Token bucket design concept:

Token: Each request can only continue to access after obtaining the Token token;
bucket: There is a fixed number of buckets, and each bucket can only hold a fixed number of designed tokens at most;
Bucket frequency: Put the token into the bucket at a fixed frequency, and the token cannot exceed the capacity of the bucket.

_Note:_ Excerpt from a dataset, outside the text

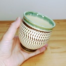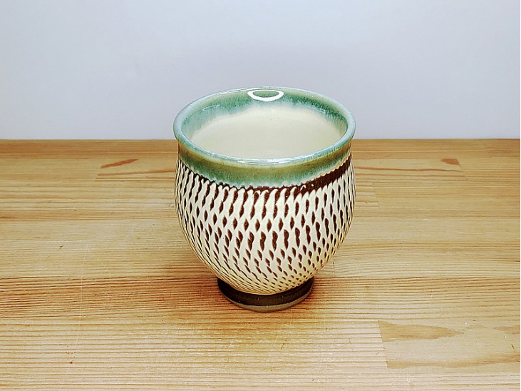 湯のみ 飛び鉋(とびかんな)フチ緑

In other words, the token bucket design algorithm limits the request rate and achieves the purpose of controllable request response. Especially for the phenomenon of burst traffic requests in high concurrency scenarios, the backend can easily respond to the request, because when the burst traffic request is reached for the specific service of the backend, the burst traffic request has already been restricted.

Specific design

Current limiter definition

type Limiter struct {
	mu         // Mutex lock (exclusive lock)	limit     Limit      // Frequency of putting into bucket float64 type	burst     int        // The size of the bucket	tokens    float64    // Token token The current remaining number	last        // The time I took the token recently	lastEvent   // Time of the latest current limit event}

limit, burst and token are the core parameters in this current limiter, and the size of the request concurrency is implemented here.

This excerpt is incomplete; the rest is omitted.